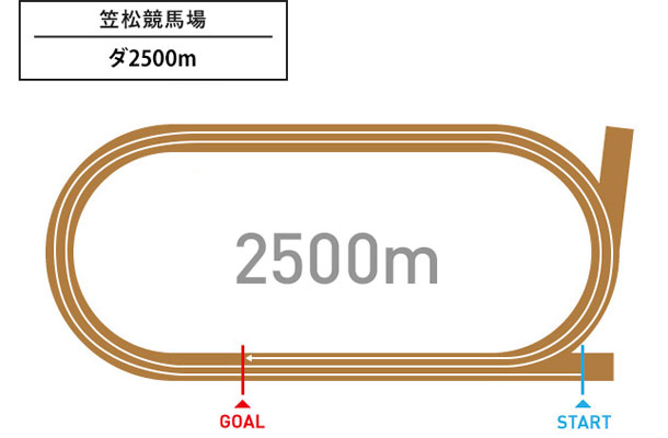 笠松競馬場は1周1100mで、ゴールまでの直線は201m。1.92mの高低差は、地方の競馬場では盛岡に次ぐもの。2500mは1400mと同じ4コーナーポケットからのスタートで馬場を2周する。小回りでコーナーが8回と多いため基本的には先行馬が有利だが、2周目3コーナーあたりからのペースアップに対応できる瞬発力がないと勝ち切ることは難しい。
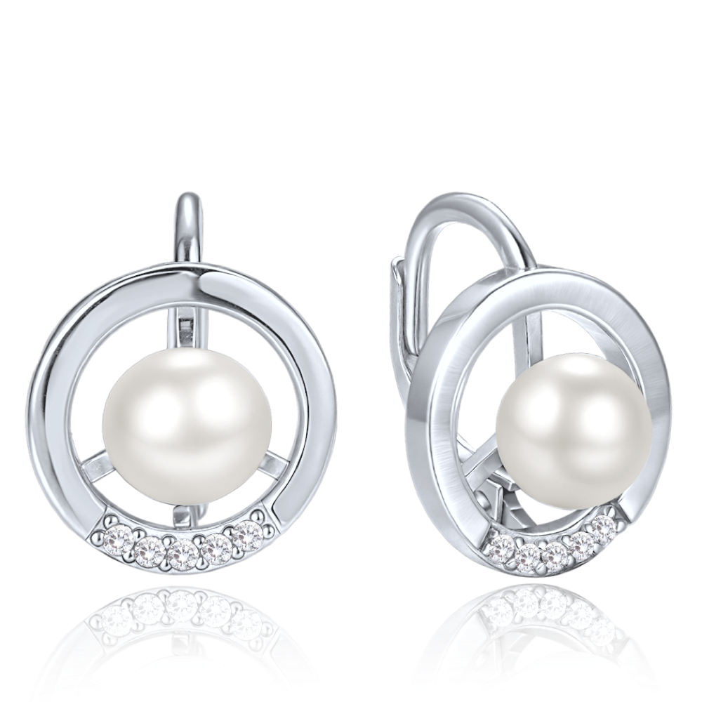 Eleganckie srebrne kolczyki MINET ze srebra Ag 925/1000 z kółkiem, perłą i cyrkoniami mają rodowaną powierzchnię i zapięcie patentowe.
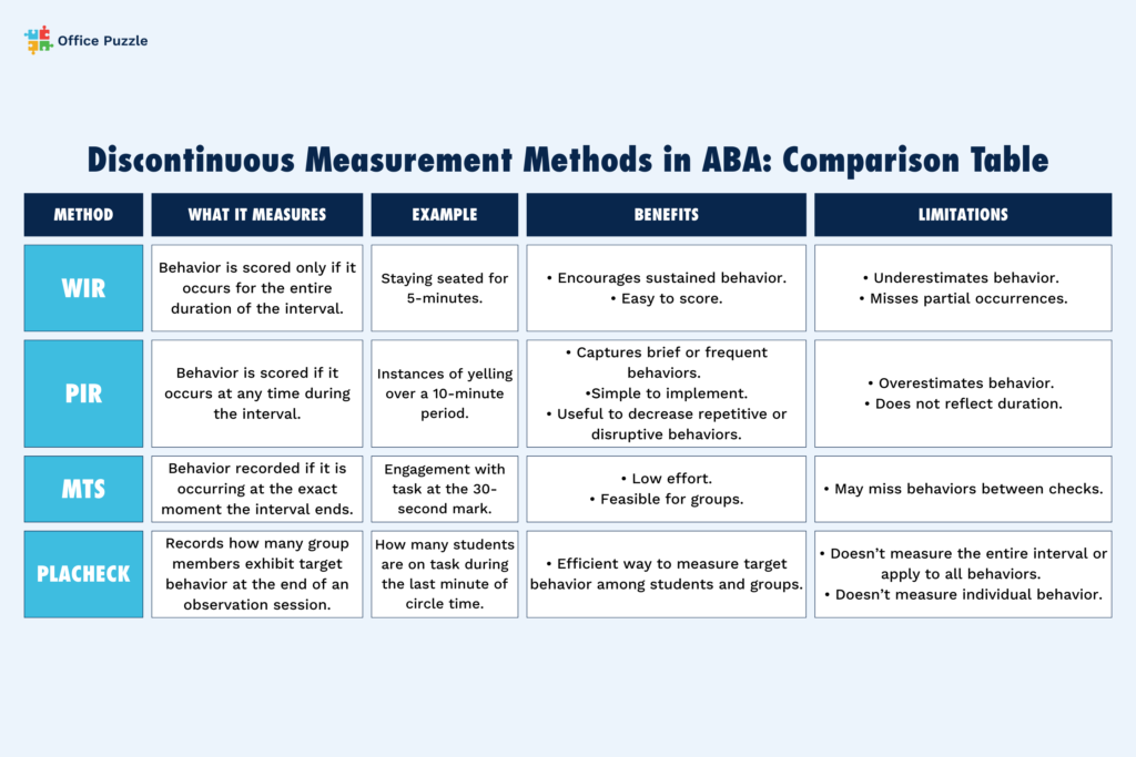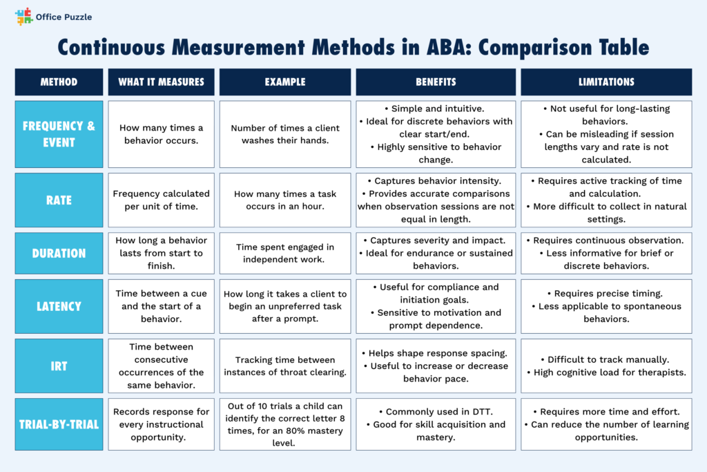 Built-in timers and automated duration tracking offered by ABA solutions such as Office Puzzle support consistent measurement across staff while reducing human error.
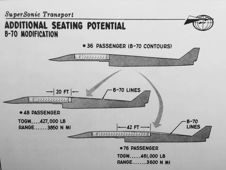 北美提出了“女武神”的各种民用改型,其中76座超音速客机,还建议把该机作为X-15火箭飞机衍生型的3马赫载机,但1969年NASA决定双双退役X-15和AV1。后者被捐赠给美国空军国家博物馆,结束了“女武神”悲壮的一生。  B-70客机
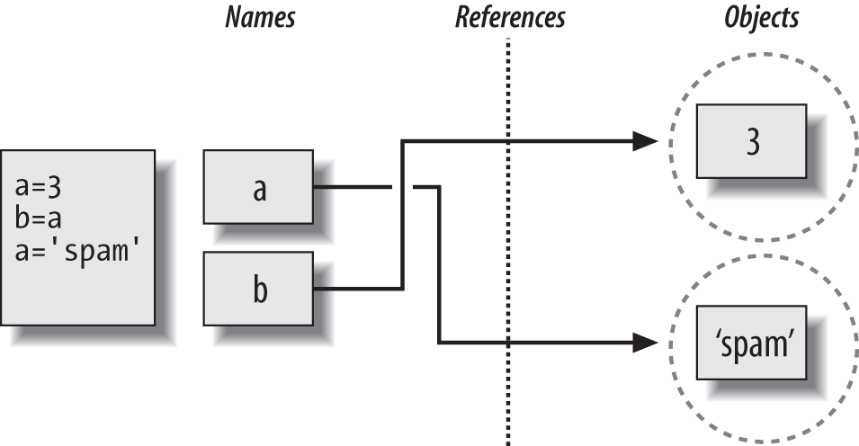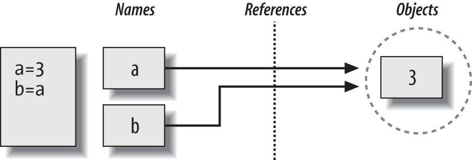 而是替换成a引用的对象(3),最终使得a和b同时引用了同一对象,即指向同一块内存。

* _EXERCISE DIRECTIONS_
From the material above, set down each entry exactly, but exclude the pictures.

* _ANSWER TO THIS PROBLEM_
 笠松競馬場は1周1100mで、ゴールまでの直線は201m。1.92mの高低差は、地方の競馬場では盛岡に次ぐもの。2500mは1400mと同じ4コーナーポケットからのスタートで馬場を2周する。小回りでコーナーが8回と多いため基本的には先行馬が有利だが、2周目3コーナーあたりからのペースアップに対応できる瞬発力がないと勝ち切ることは難しい。
 Eleganckie srebrne kolczyki MINET ze srebra Ag 925/1000 z kółkiem, perłą i cyrkoniami mają rodowaną powierzchnię i zapięcie patentowe.
 Built-in timers and automated duration tracking offered by ABA solutions such as Office Puzzle support consistent measurement across staff while reducing human error.
 北美提出了“女武神”的各种民用改型,其中76座超音速客机,还建议把该机作为X-15火箭飞机衍生型的3马赫载机,但1969年NASA决定双双退役X-15和AV1。后者被捐赠给美国空军国家博物馆,结束了“女武神”悲壮的一生。  B-70客机
 而是替换成a引用的对象(3),最终使得a和b同时引用了同一对象,即指向同一块内存。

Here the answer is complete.